4.8. Nel caso concreto, la Corte d’Appello ha escluso tale evenienza processuale sull’assunto dell’unitarietà dell’atto di opposizione dei tre debitori e, in particolare, dell’unitarietà dei motivi di opposizione. Più precisamente, nella motivazione della sentenza impugnata si legge che i fideiussori ” oltre a disconoscere le sottoscrizioni apposte sui contratti di locazione finanziaria e sulle fideiussioni, avevano inoltre condiviso con (….omissis) anche i restanti motivi di opposizione attinenti il rapporto contrattuale e la quantificazione del credito azionato con il decreto ingiuntivo”. Tuttavia, non può dubitarsi dell’autonomia e scindibilità della domanda concernente la posizione dei fideiussori avverso il decreto ingiuntivo, tanto più quando, come nel caso, la difesa dei fideiussori consiste nella negazione della sottoscrizione delle fideiussioni. Difatti, i fideiussori sono stati colpiti dal provvedimento monitorio in quanto obbligati in via solidale con il debitore principale, ed hanno fondato la loro opposizione sulla contestazione dell’esistenza o inefficacia non solo del contratto di leasing, ma anche dell’obbligazione fideiussoria (disconoscendone la sottoscrizione) che riguarda unicamente il loro rapporto nei confronti del creditore. Sicchè, ben può ritenersi che il rapporto processuale tra creditore, debitore principale e fideiussori sia di litisconsorzio facoltativo già solo considerando che il creditore avrebbe potuto ingiungere ai debitori separati atti e il debitore, d’altro canto, avrebbe potuto proporre separate opposizioni. Può, dunque, ritenersi che il rapporto processuale si è mantenuto facoltativo, nonostante l’unitarietà dell’atto di opposizione e la condivisione di alcuni motivi di opposizione: da una parte, risultano comunque scindibili i procedimenti tra creditore e debitore principale, e tra creditore e fideiussori; dall’altra, risultano parimenti scindibili le pretese proposte in sede di opposizione, risultando, oltretutto, del tutto autonoma la domanda di disconoscimento delle sottoscrizioni proposte dai fideiussori rispetto ad altre domande contenute nei motivi di opposizione.

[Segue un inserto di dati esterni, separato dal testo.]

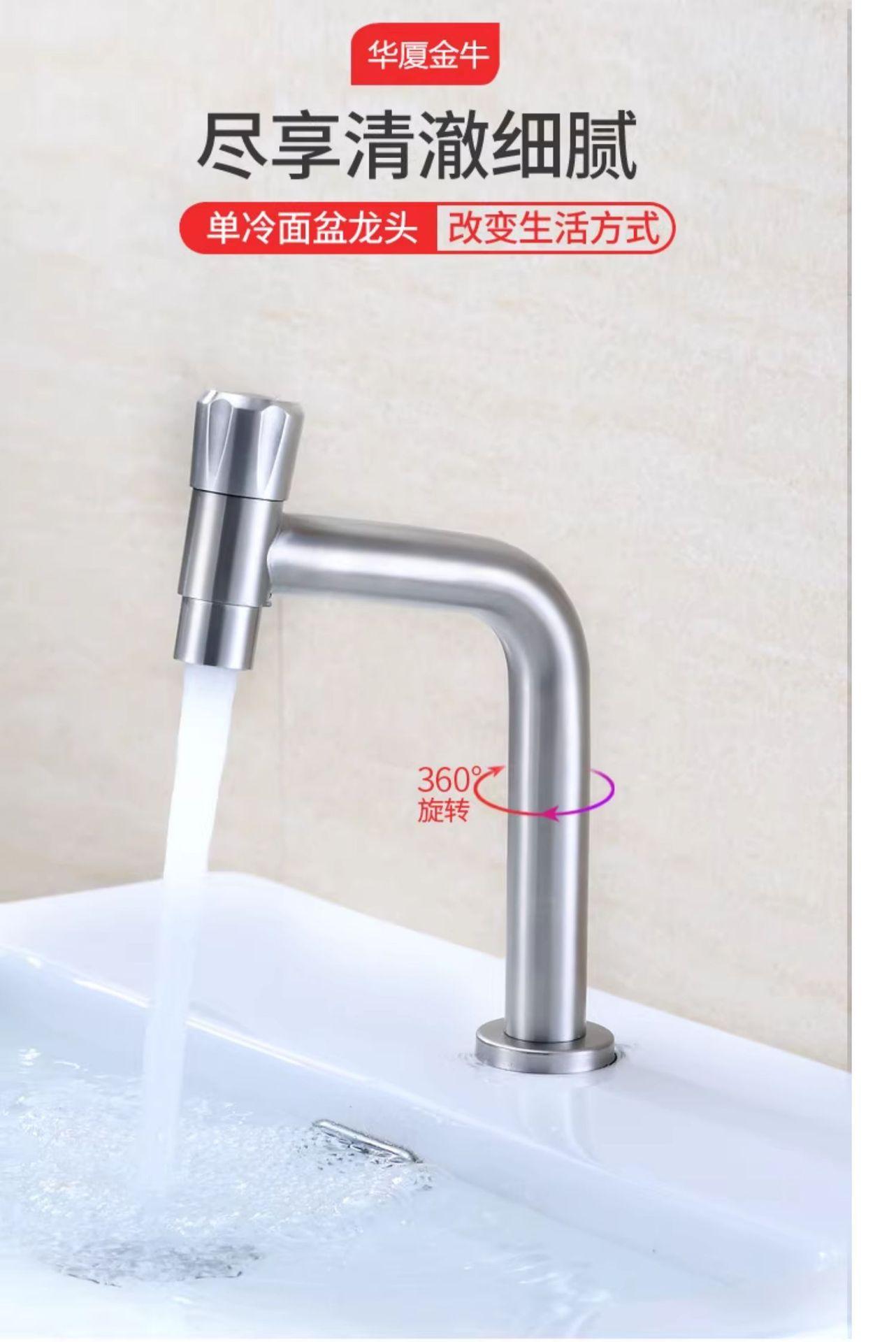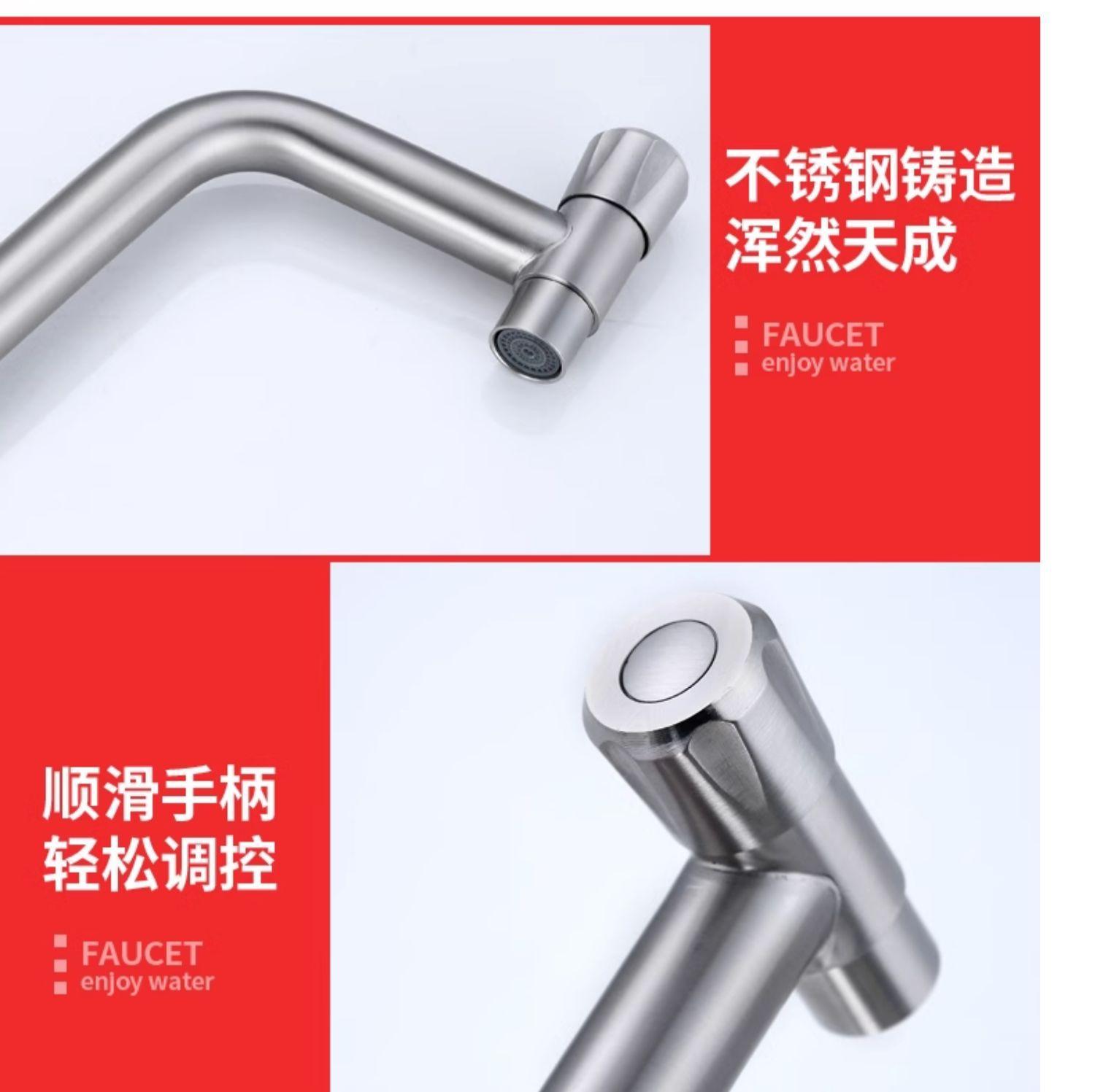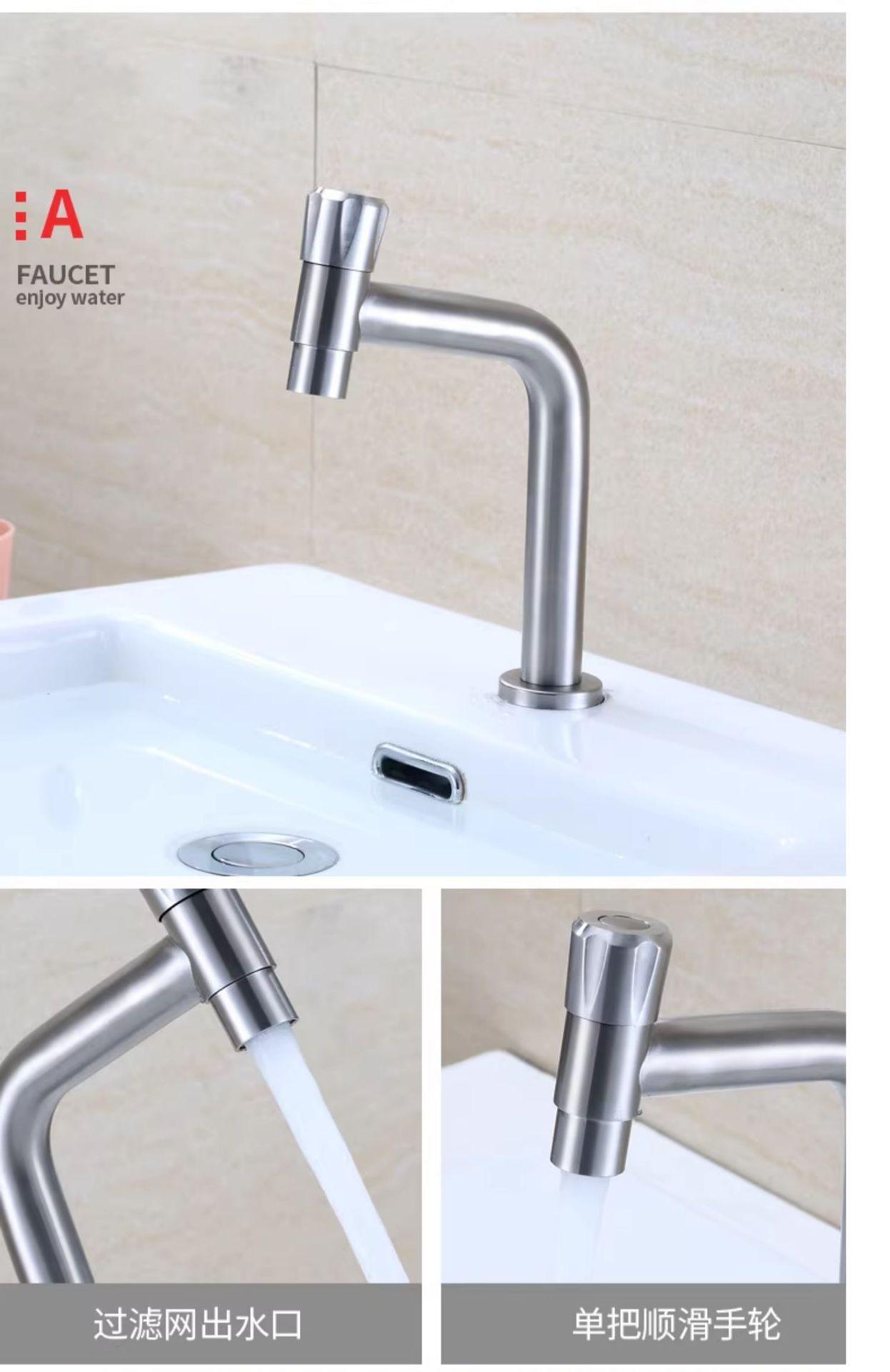 Lavabo de acero inoxidable 304 grifo de lavabo de un solo frío lavabo de inodoro lavabo de encimera grifo de altura doméstico
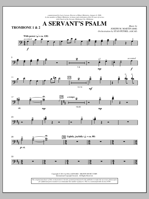 Download or print Joseph M. Martin A Servant's Psalm - Trombone 1 & 2 sheet music, chords and digital score arranged for Choir Instrumental Pak. This Concert score includes 3 page(s).

5. Conclusivamente, il ricorso va accolto relativamente a ciascun motivo, con assorbimento delle ulteriori questioni relative al dies a quo del termine per la riassunzione, in realtà non dovuta da parte dei fideiussori non interessati dall’evento interruttivo. Di conseguenza, la sentenza va cassata con rinvio alla Corte d’appello di Brescia, in diversa composizione, anche per la statuizione sulle spese di questo giudizio.

PQM

La Corte,

accoglie il ricorso;

cassa la sentenza e rinvia alla Corte d’appello di Brescia, in diversa composizione, anche per le spese.

Così deciso in Roma, nella Camera di consiglio della sezione terza civile, il 19 dicembre 2019.